▶ [Requirement] Would you repeat word for word the lines of the listing that follows, from the one with "Смеситель для кухни" up to and including the one with "Tweet Hunter for Twitter Pricing Page", and leave out the images?

▶ [Materials provided]
════
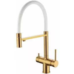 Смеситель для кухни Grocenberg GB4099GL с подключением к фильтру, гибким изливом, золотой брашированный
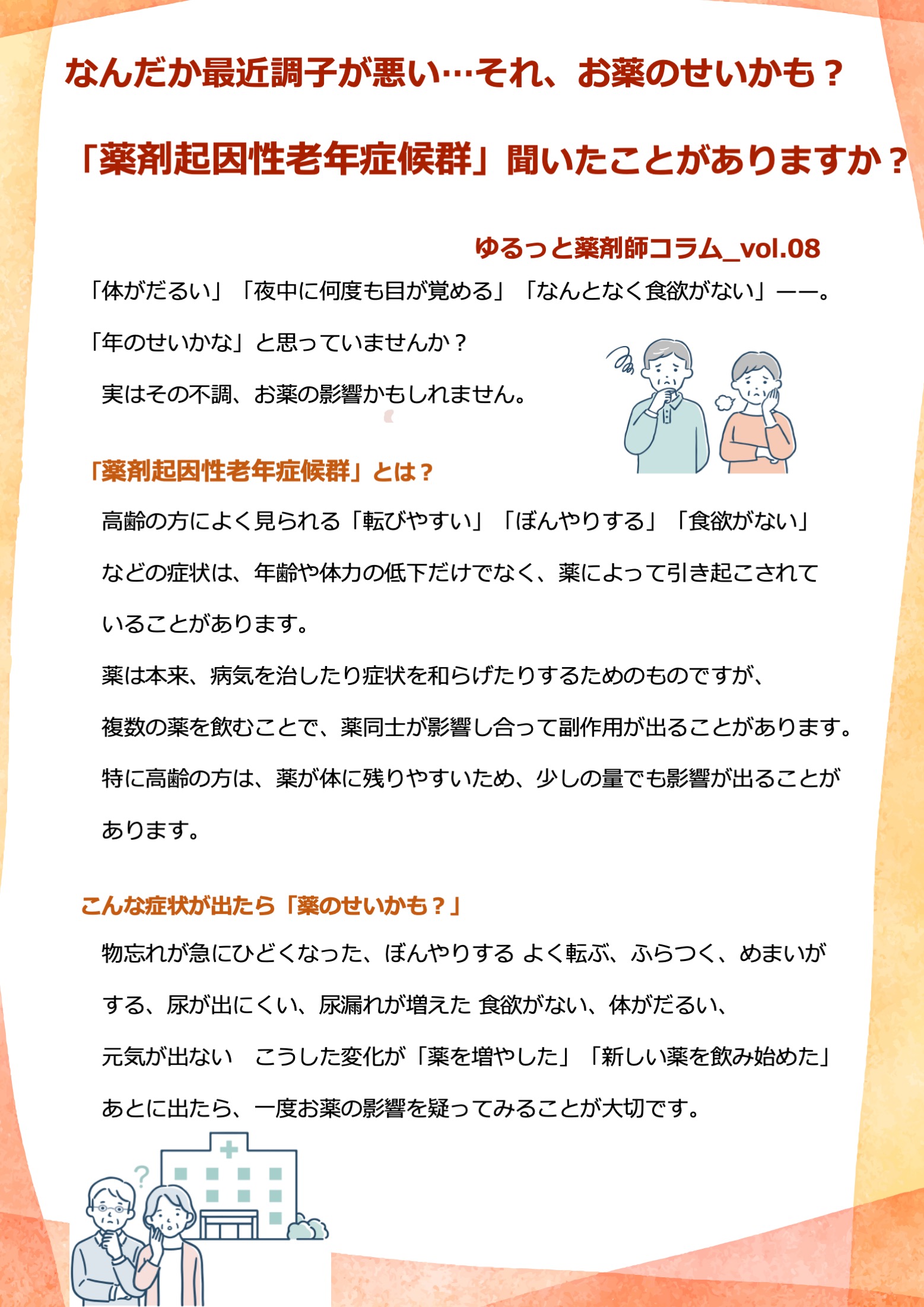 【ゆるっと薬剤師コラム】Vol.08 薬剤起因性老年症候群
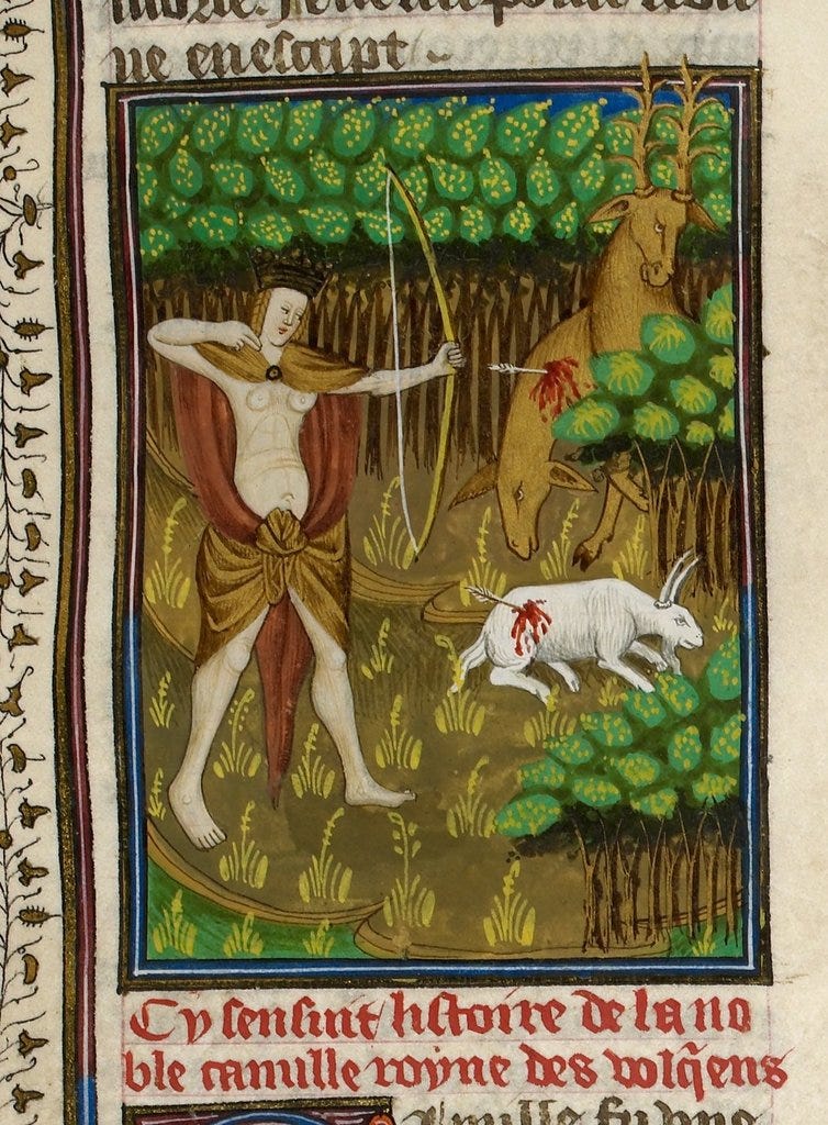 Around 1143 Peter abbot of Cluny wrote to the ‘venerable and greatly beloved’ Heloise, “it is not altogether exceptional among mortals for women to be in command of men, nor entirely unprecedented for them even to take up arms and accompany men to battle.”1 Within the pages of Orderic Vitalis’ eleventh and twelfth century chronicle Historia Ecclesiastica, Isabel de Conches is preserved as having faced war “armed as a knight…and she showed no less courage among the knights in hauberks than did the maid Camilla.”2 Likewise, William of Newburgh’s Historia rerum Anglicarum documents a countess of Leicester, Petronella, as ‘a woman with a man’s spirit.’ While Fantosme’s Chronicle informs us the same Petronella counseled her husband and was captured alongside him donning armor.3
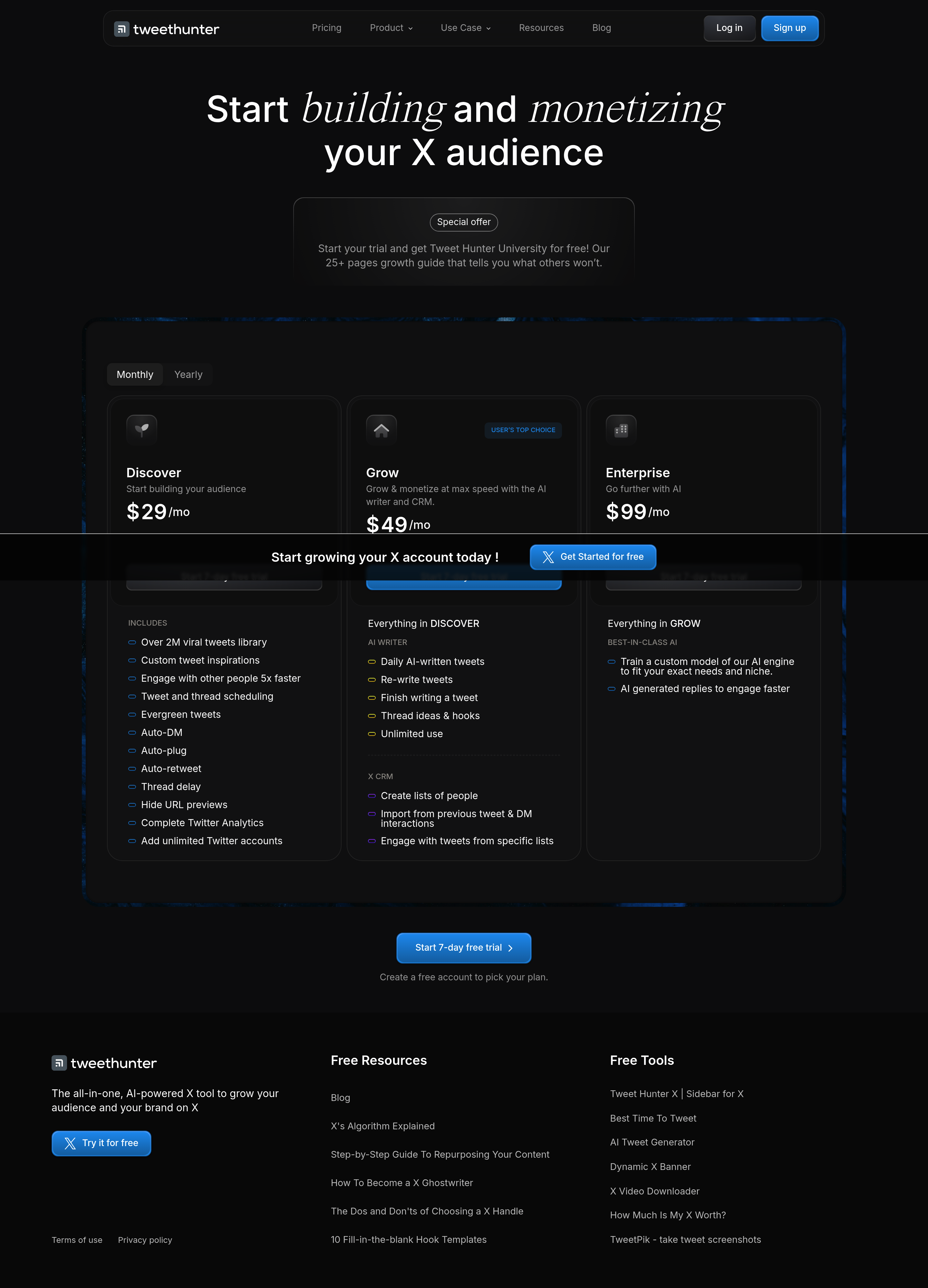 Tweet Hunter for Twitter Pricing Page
════
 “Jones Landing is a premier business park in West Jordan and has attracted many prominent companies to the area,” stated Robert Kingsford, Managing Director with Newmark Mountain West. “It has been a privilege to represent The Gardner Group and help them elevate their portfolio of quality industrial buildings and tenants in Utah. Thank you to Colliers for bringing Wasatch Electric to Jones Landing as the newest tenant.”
════
▶ [Response to this task]
 Смеситель для кухни Grocenberg GB4099GL с подключением к фильтру, гибким изливом, золотой брашированный
 【ゆるっと薬剤師コラム】Vol.08 薬剤起因性老年症候群
 Around 1143 Peter abbot of Cluny wrote to the ‘venerable and greatly beloved’ Heloise, “it is not altogether exceptional among mortals for women to be in command of men, nor entirely unprecedented for them even to take up arms and accompany men to battle.”1 Within the pages of Orderic Vitalis’ eleventh and twelfth century chronicle Historia Ecclesiastica, Isabel de Conches is preserved as having faced war “armed as a knight…and she showed no less courage among the knights in hauberks than did the maid Camilla.”2 Likewise, William of Newburgh’s Historia rerum Anglicarum documents a countess of Leicester, Petronella, as ‘a woman with a man’s spirit.’ While Fantosme’s Chronicle informs us the same Petronella counseled her husband and was captured alongside him donning armor.3
 Tweet Hunter for Twitter Pricing Page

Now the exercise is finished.